Coffee: A Multi-Species World

 
 

Welcome to Coffee, Decoded, the Specialty Coffee Association’s weekly column on science, research, and all things coffee knowledge. Each week, PETER GIULIANO answers complex coffee questions, interprets new research, and dives deep into the science, putting it all in a fun, understandable format.  

 

Coffee: A Multi-Species World

A poster about Coffea arabica’s discovery in Ethiopia (Abyssinia) and transfer to Yemen. Photo taken by Jeff Hann at Tomoca Coffee in Addis Ababa, Ethiopia. 
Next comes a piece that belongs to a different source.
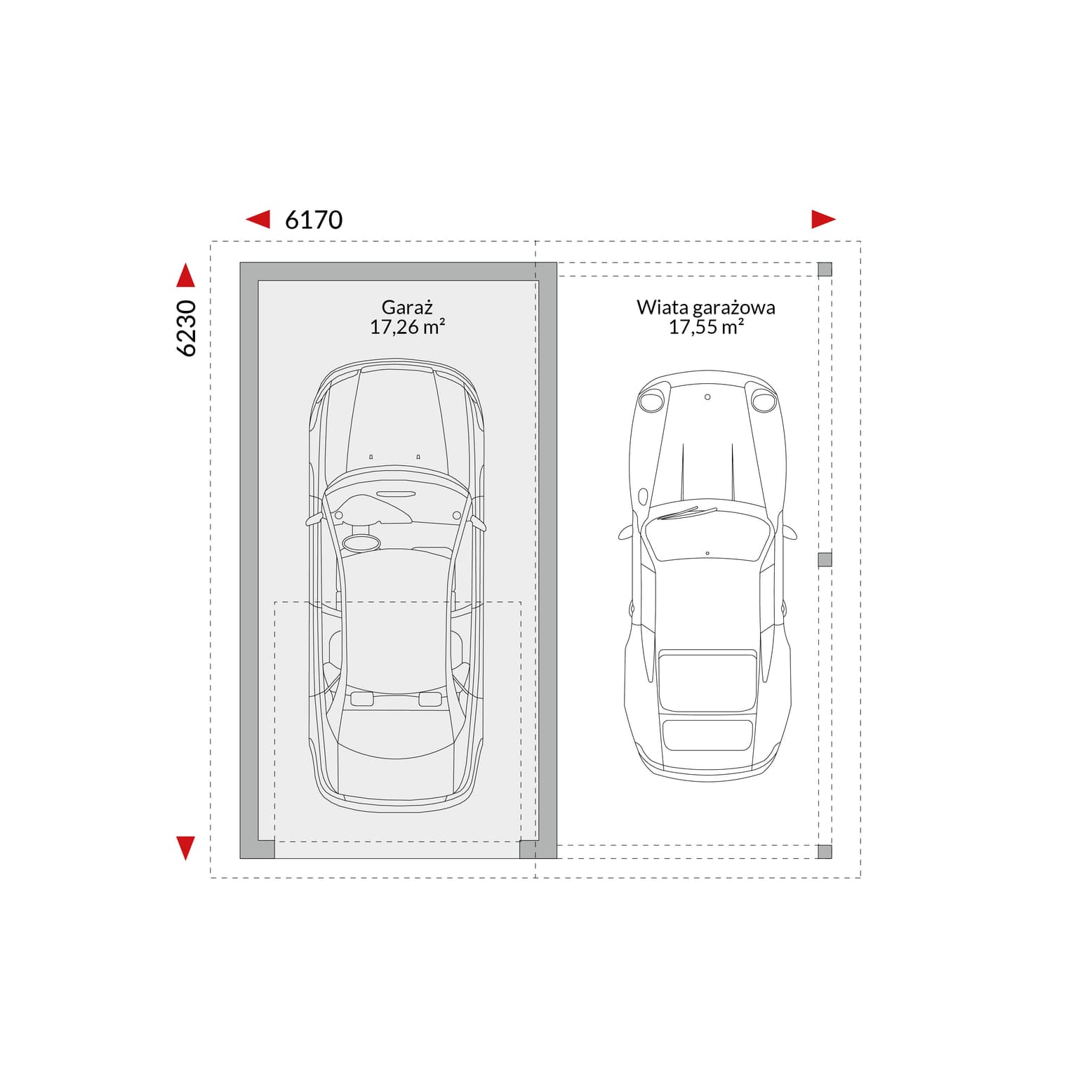 Garaż EG-SGC - garaż z dachem dwuspadowym, wjazd od szczytu 6,17 m x 6,23 m (wymiary zewnętrzne).

The topic of species is a charged one in coffee circles. To outsiders, this might be surprising: Why should biological taxonomy, of all things, be of importance to the people who grow, roast, and brew coffee? 

It wasn’t always so. When coffee was first discovered, roasted, and brewed, there was only one “kind” of coffee, and it was associated with the country we now call Yemen. Though coffee was brought to Yemen from neighboring Ethiopia, the Yemeni were the first to commercialize the crop and sell it to outsiders. Hence, coffee was known as “The Wine of Arabia” due to Yemen’s position on the southern tip of the Arabian Peninsula. When Carl Linneus, inventor of our modern system of binomial botanical taxonomy, published his masterwork Species Plantarum in 1753, he included coffee in his list of plants. And he called it Coffea arabica. Coffee was Arabian, and was called arabica, and that was that.  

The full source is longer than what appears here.